Конечно же, они не ответили. Только преувеличенно громко стали обсуждать свои дела. Ленка открыла учебник и принялась рассматривать буквы. Букв было много, и они были чёрными. Даже удивительно было, что она раньше не замечала эту черноту Из каждого буквенного силуэта просвечивала бездна.

– Ленка, хочешь бублик? – Гот, невесть когда вернувшись, топтался рядом, вертя на пальце бублик.

– Отвали.

– А хочешь, я за яблоком сбегаю?

– Вересов, не стой над душой, а? Сядь на место.

Гот послушно сел.

– Слушай, Лен…

– Помолчи, а? И без тебя тошно.

Вересов тяжело вздохнул, с трудом перенеся наглое затыкание рта, но всё же смирился и не издал ни звука.

А бездна за буквами манила. Ленка вглядывалась в неё, ощущая бесконечность холодной, сухой пустоты. И Русалка, как-то незаметно появившаяся, очень вписалась в эту беспросветность своим чёрным пончо. Чернота окружала со всех сторон. И только у гота празднично отсвечивала серебром. Он похож на новогоднюю ёлку, подумала вдруг Ленка, только в монохроме.

Урок закончился так неожиданно, что Ленка удивилась. Ей показалось, что прошло минут десять. Покидав вещи в рюкзак, она вышла в коридор.

– Ты забыла.

Голос, от которого кровь ударила в щеки. Она порывисто обернулась. Олег протягивал её тетрадь, усиленно разглядывая что-то на полу.
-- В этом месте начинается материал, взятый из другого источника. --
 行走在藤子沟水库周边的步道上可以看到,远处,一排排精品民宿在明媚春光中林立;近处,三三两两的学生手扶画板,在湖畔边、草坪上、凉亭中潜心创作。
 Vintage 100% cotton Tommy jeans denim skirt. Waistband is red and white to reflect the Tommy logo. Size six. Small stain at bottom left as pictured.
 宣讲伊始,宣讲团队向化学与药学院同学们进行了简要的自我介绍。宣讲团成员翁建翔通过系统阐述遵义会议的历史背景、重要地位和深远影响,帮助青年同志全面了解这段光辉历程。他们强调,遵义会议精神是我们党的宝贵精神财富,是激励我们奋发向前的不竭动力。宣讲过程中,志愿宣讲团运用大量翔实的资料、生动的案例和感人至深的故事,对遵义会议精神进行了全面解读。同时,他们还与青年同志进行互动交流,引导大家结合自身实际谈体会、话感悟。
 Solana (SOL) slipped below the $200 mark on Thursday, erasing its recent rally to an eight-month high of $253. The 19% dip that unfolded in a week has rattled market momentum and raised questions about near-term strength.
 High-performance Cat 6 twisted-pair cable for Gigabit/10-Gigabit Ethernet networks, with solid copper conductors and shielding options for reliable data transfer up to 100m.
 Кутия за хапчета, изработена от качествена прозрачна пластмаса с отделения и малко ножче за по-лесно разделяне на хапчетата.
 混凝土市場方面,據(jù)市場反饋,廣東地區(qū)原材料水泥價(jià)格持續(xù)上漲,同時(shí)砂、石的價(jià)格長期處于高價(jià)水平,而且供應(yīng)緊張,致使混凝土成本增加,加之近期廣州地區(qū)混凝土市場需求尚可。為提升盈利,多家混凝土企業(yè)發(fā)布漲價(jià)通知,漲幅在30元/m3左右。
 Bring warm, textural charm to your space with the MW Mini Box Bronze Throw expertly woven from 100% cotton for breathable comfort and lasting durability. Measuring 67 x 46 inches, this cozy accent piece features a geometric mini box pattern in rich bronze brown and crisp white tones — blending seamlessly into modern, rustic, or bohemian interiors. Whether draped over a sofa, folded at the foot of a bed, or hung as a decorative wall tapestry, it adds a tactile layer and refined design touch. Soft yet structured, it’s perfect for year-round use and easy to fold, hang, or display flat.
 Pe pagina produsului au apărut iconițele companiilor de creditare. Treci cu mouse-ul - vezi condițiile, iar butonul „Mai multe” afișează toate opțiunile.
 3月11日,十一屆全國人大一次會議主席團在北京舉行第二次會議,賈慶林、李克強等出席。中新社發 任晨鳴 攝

– Спасибо, – взяла тетрадь, мучительно понимая, что вот сейчас ей нужно объяснить ему всё, но слова не находились.

– Ага, – он кивнул и зашагал к лестнице.

– Олег, – тихо позвала Ленка.

У него слегка дрогнули плечи, но он не остановился. И не оглянулся.

А у двери кабинета, картинно опершись о косяк, победно улыбалась Ерчева. Ленка с трудом удержалась, чтобы не запустить в неё чем-нибудь тяжёлым. Даже представила, сколько будет визгу, если попадёт в цель. И невольно усмехнулась.

Алина впала в ступор, разглядывая необъяснимую Ленкину радость и на всякий случай свёртывая победное ликование. Скосила глаза на своё платье – в ужасе, что с её одеждой что-то не так. Ленка тут же подыграла и чуточку покачала головой, указуя взглядом куда-то на подол. Ерчева запаниковала и сбежала в туалет. Искать несовершенство.

Блондинчик в окантовке скучающих качков величественно проплыл мимо, мурлыкая по мобильному. И вдруг вернулся, отечески взяв за локоть, шепнул на ухо:

– Детка, прайс одобряю. Жаль, что ты не в моём вкусе.

– Отвали, – дёрнулась Ленка, пытаясь вырваться, но Алекс держал крепко.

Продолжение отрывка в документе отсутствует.